Is it right when the PAP is accumulating enough in the CPF and Medisave to pay for 100 years’ worth of the current spending of retirement and healthcare?
A responsible government would return more of the reserves for the retirement and healthcare protection of Singaporeans, as both the Workers’ Party and the Progress Singapore Party have said in their opening speeches in parliament.
However, there is too much at stake for the PAP which has amassed billions in reserves from the CPF, Medisave, and land sales.
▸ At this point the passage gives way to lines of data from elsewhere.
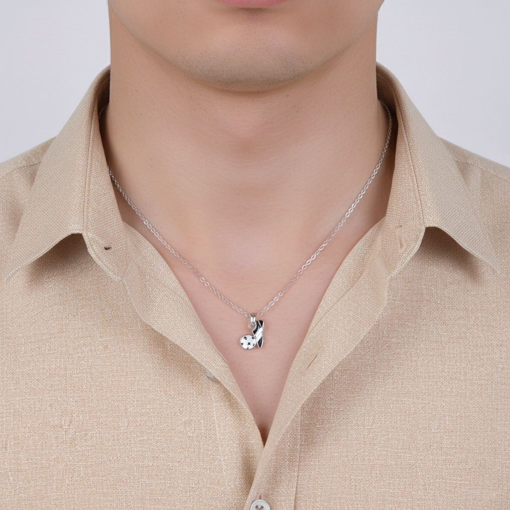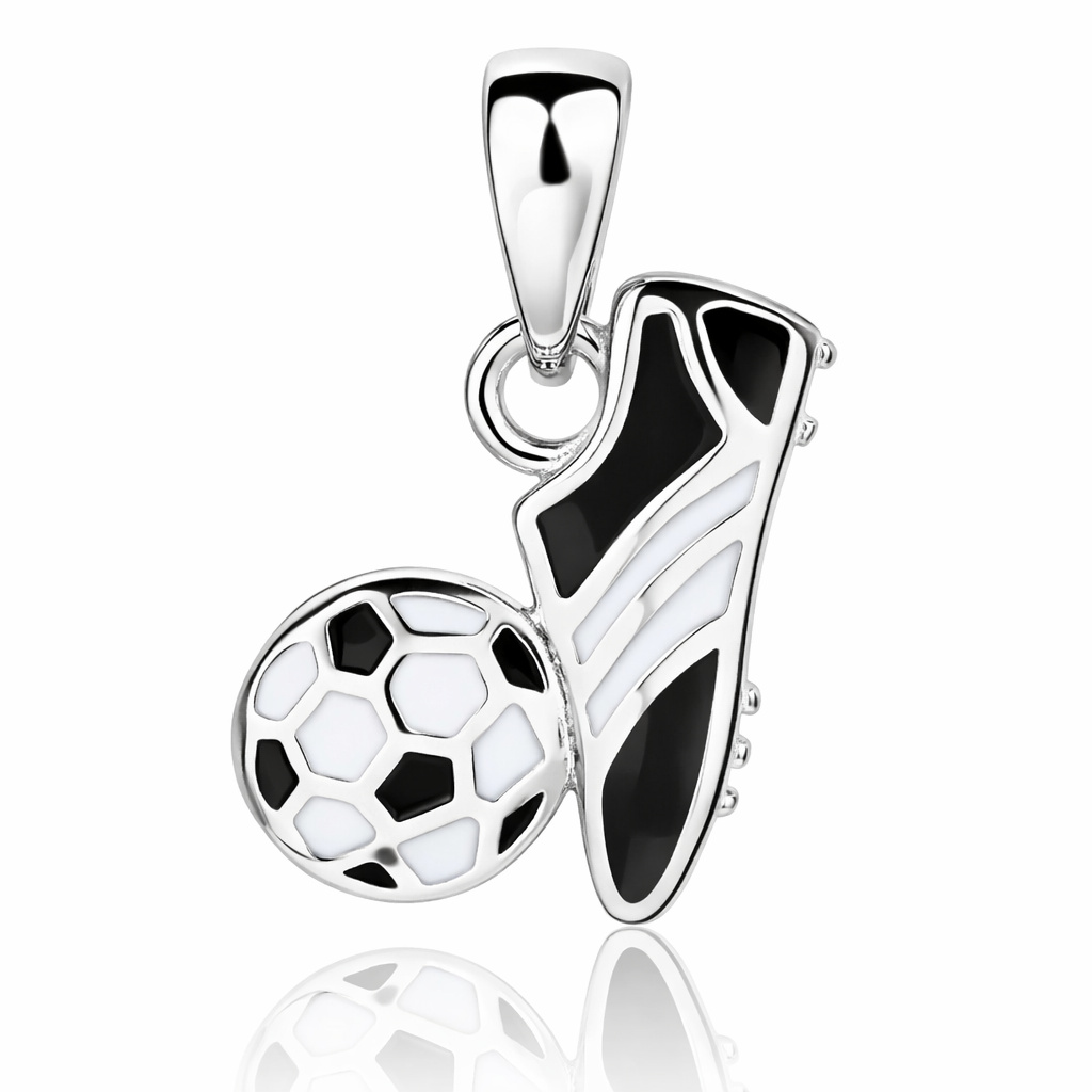 Stříbrný přívěsek s rhodiováním ve tvaru fotbalového míče a kopačky.
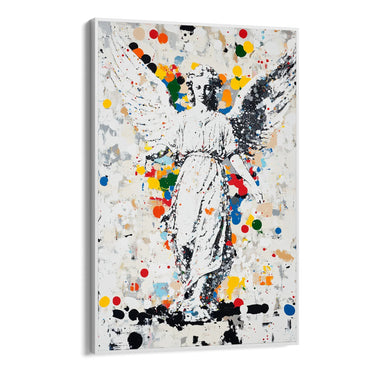 Målningen kännetecknas av en explosion av livfulla färger som står ut mot den vita bakgrunden. Fläckar av rött, gult, grönt, blått och svart skapar en dynamisk och modern kontrast, vilket tillför djup och rörelse till verket. Dessa vibrerande färger tycks dansa runt ängelns figur och framhäver dess himmelska närvaro.
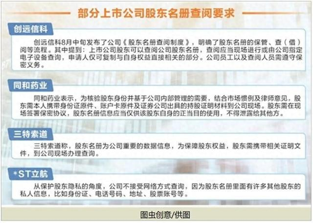 如同和药业表示,为核验股东身份并基于公司内部管理的需要,结合市场惯例及律师意见,股东需本人携带身份证原件、账户卡原件及证券公司出具的持股证明材料到公司现场。股东需在现场签署保密协议,股东名册信息应当仅供该股东自身的正当目的使用,不得泄露给其他方。在公司董事会办公室工作人员现场核实股东身份并确认保密协议已签署完毕后将提供相关信息。三特索道称,股东名册为公司重要的数据信息,为保障股东的权益,股东需携带相关证明文件,到公司现场办理查询。
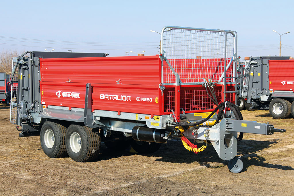 Rolnicy poszukujący niedużego rozrzutnika obornika, którego szeroki rozstaw kół pozwala pracować w terenach pagórkowatych, powinni rozważyć propozycję firmy Metal-Fach. To Batalion z cynkowaną ramą, drewnianą podłogą i burtami, które można odchylić lub zdemontować.
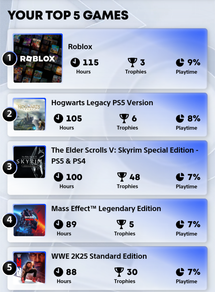 I thought this year was a quiet one… evidently not😂 Fortnite not in top 5 for first time in a good few years (kids were exclusively playing that till this bloody Brain Rot obsession of late)
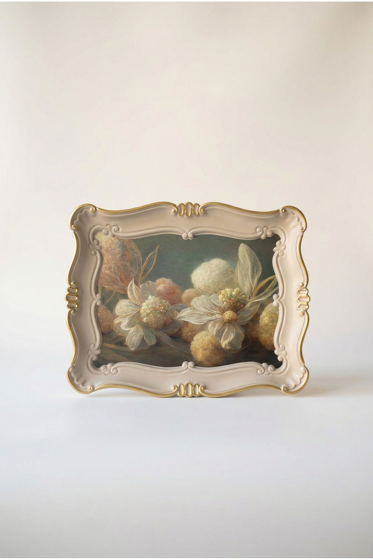 Zarif detayları ve klasik tasarımıyla öne çıkan bu büyük boy sunum tepsisi, sofralarınıza şıklık katmak için tasarlanmıştır.; 42x33x3 cm ölçüleri sayesinde çay, kahve, tatlı, pasta ve ikram sunumlarında geniş ve konforlu bir kullanım alanı sunar.; Kenarlarında yer alan gold renkli işlemeler, ürüne lüks ve estetik bir görünüm kazandırırken, vintage çiçek desenleri dekoratif bir dokunuş sağlar.; Sağlam yapısı ve dengeli tabanı ile servis sırasında güvenli kullanım sunar.; Pürüzsüz yüzeyi kolay temizlenir ve hijyenik kullanım sağlar.; Günlük kullanımın yanı sıra özel davetlerde, misafir ağırlarken veya sehpa üzerinde dekoratif amaçlı olarak da tercih edilebilir.

The GIC was set up in 1981. Medisave was set up in 1984, land costs were included into HDB flat prices at market value in 1985 and the CPF Minimum Sum (also known as the Full Retirement Sum today) was set up in 1987, which together has enabled the PAP to siphon off a large proportion of these monies into the reserves.
Opening the books and returning the money to Singaporeans in the form of social expenditure would require accountability the PAP has ran away from for the last 40 years.
While Lee Hsien Loong called opposition voters "free riders," which party is the one really free-riding on the money of Singaporeans?
This article was updated on September 4, 2020.